# BallBrite Cleaner



## AmandaJR (Oct 6, 2012)

Bought one of these on a whim and tried it for the first time today - it is flipping brilliant!

If, like me, you are obsessed about a clean ball and also clean irons then this is the product for you. It also means a clean towel which is a bonus.

Here is the website for the product:  http://www.ballbrite.com/ and I bought it for Â£11 from here: https://www.shortgrass.co.uk/catalo...id=85&osCsid=699201f5b72fe9c8938dcbdc86730529

I have no connections to either company and only bought it with another item to see what it was like. It works brilliantly. Not sure how much water is correct to put inside but I put a couple of tablespoons (ish!) then tipped it up for the excess to run out. Attached it to my golf bag and nothing leaked out and it did exactly what it says on the tin. Put a ball in, squidge it about a bit and out it comes white and sprarkly again and almost dry - certainly no need to towel off. It worked really well on irons too which just fit in the opening and another squidge and out they come all clean again.

The only downside is your playing partners will keep asking to use it or hand you their balls to clean (ooer)!

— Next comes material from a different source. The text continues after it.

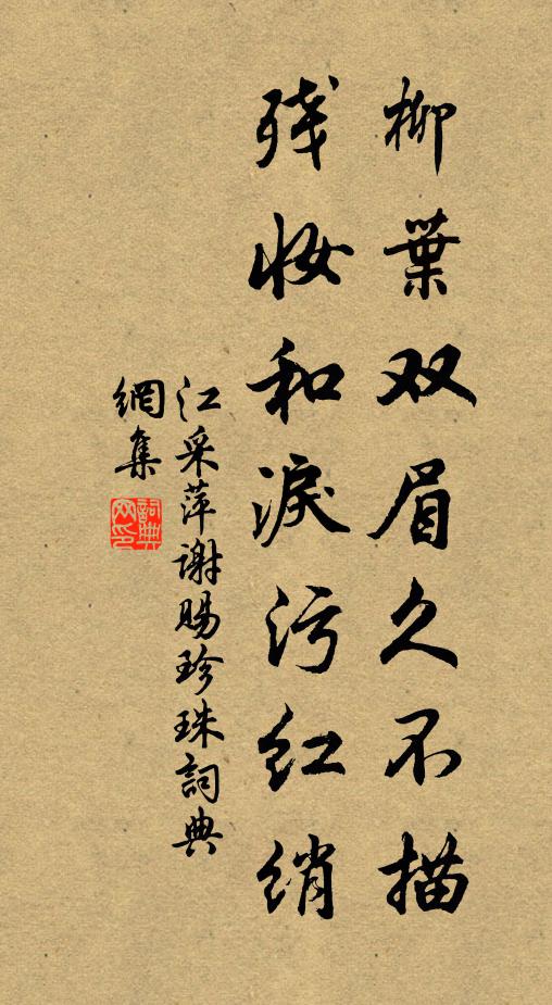 古詩文歷史字典書法欣賞書法字典國語詞典說文解字康熙字典古漢語字典柳葉雙眉久不描,殘妝和淚污紅綃。江采萍 《謝賜珍珠》名句出處出自唐代江采萍的《謝賜珍珠》柳葉雙眉久不描,殘妝和淚污紅綃。長門盡日無梳洗,何必珍珠慰寂寥。名句書法欣賞柳葉雙眉久不描,殘妝和淚污紅綃。書法作品譯文和注釋譯文我細細的柳葉眉很久不描了,面上的殘妝和著眼淚打濕了我的紅色綢衣。我自是很久沒有梳洗過了,你也不必送一斛珍珠來安慰我的寂寥之心。 注釋紅綃:紅色薄綢寂寥:寂寞空虛。簡評江采萍風韻神采,無可描畫,精通詩文,曾深受玄宗寵幸。只是楊玉環的到來使得清高孤傲的梅妃漸漸失寵。楊貴妃設法貶梅妃入冷宮上陽東宮。梅妃得寵時,各地爭相進獻梅花。但如今,大家都是忙著給楊貴妃送荔枝,誰還記得曾經專寵一時的梅妃江采萍呢?江采萍名句,謝賜珍珠名句名句推薦盡道隋亡為此河,至今千里賴通波。皮日休《汴河懷古二首》欲加之罪,其無辭乎?左丘明《左傳·僖公·僖公十年》砧杵敲殘深巷月,井梧搖落故園秋。陸游《秋思》秋草六朝寒,花雨空壇。更無人處一憑闌。朱彝尊《賣花聲·雨花台》知者不博,博者不知。老子《老子·德經·第八十一章》喜得故人同待詔,擬沽春酒醉京華。高啟《清明呈館中諸公》零淚向誰道,雞鳴徒嘆息。沈約《夜夜曲》一霎荷塘過雨,明朝便是秋聲。項鴻祚《清平樂·池上納涼》馬穿山徑菊初黃,信馬悠悠野興長。王禹偁《村行·馬穿山徑菊初黃》漠漠梨花爛漫,紛紛柳絮飛殘。陳允平《紅林擒近·壽詞·滿路花》知之曰明哲,明哲實作則。佚名《尚書·商書·說命上》處大無患者恆多慢,處小有憂者恆思善陳壽《三國志·蜀書·杜周杜許孟來尹李譙郤傳》明月照積雪,朔風勁且哀。謝靈運《歲暮》壽酒還嘗藥,晨餐不薦魚。錢起《送外甥懷素上人歸鄉侍奉》唯願當歌對酒時,月光長照金樽里。李白《把酒問月·故人賈淳令予問之》詩詞推薦浣溪沙吳禮之〔宋代〕南國風流是故鄉。紅鹽落子不因霜。於中小底最珍藏。薦酒薦茶些子澀,透心透頂十分香。可人回味越思量。滿庭芳(生日)張綱〔宋代〕十月風光,小春時候,宴堂初啟朱筵。博山雲潤,風細裊晴煙。坐有文章公子,爭吟唱、詩滿花箋。簾帷里,時聞虞美人草陳師道〔宋代〕幽草默通神,舊題虞美人。長言方度曲,應節若翻身。律呂聲相召,雲龍氣自親。無情猶感會,不獨在君臣。訪客至北門抵暮乃歸陸游〔宋代〕北郭那辭十里遙,上車且用慰無聊。九衢浩浩市聲合,四野酣酣雪意驕。清鏡新磨臨綠浦,長虹橫絕度朱橋。歸來謁墓五首劉克莊〔宋代〕庵里僧應行腳去,龕中佛也為眉嚬。炎炎昔有□□者,寂寂今無上冢人。西台詩二十四韻司馬光〔宋代〕翰苑昔陪侍,天光辱顧瞻。寵雖承渙汗,功不立毫織。山鹿纓頻頓,鉛刀礪不銛。拭花眸子缺,撚雪頷髭添。跼影即夕王初〔唐代〕風幌涼生白袷衣,星榆才亂絳河低。月明休近相思樹,恐有韓憑一處棲。酹江月(同舍延平林府教制新詞祝我初度,依聲依韻,還祝當家)劉辰翁〔宋代〕西風處士,例一枝團月,鹹平印印。千古詩宗傳不絕,至竟被渠道盡。雪返香魂,霜吹曉怨,肯受東君聘。羅浮夢西囿盧橘數株方窮秋蕭索間詫然敷榮薿薿可愛廖行之〔宋代〕寂寂園林秋暮時,可人盧橘玉英胎。祗應籬菊返魂在,滿慰金行得意歸。僵立凍峰攢翅白,霏微繁李綴枝稀。天公夏日送崔秀才游南無可〔唐代〕南方山水地,念子為貧游。縱是逢佳景,那能緩旅愁。夕陽行遠道,煩暑在孤舟。莫向巴江過,猿啼促淚流。

If, like me, you find most courses have no (or dirty) water in the ball washers and also hate having muck on both ball and club then this is for you!!


----------



## CMAC (Oct 7, 2012)

Ideal for those long hot heat wave drought summers - whatever happened to them - in Scotland our balls are constantly wet........that doesn't sound right!


----------



## Phil2511 (Oct 7, 2012)

I got one of these. http://item.mobileweb.ebay.co.uk/viewitem?itemId=120814983664 Comes from Oz but only took a few days to arrive.


----------



## HotDogAssassin (Oct 8, 2012)

I bet you bought the Pink one Amanda!


----------



## AmandaJR (Oct 8, 2012)

HotDogAssassin said:



			I bet you bought the Pink one Amanda!
		
Click to expand...

Ha ha ha - sure did :clap: Great bit of kit and pretty too!


----------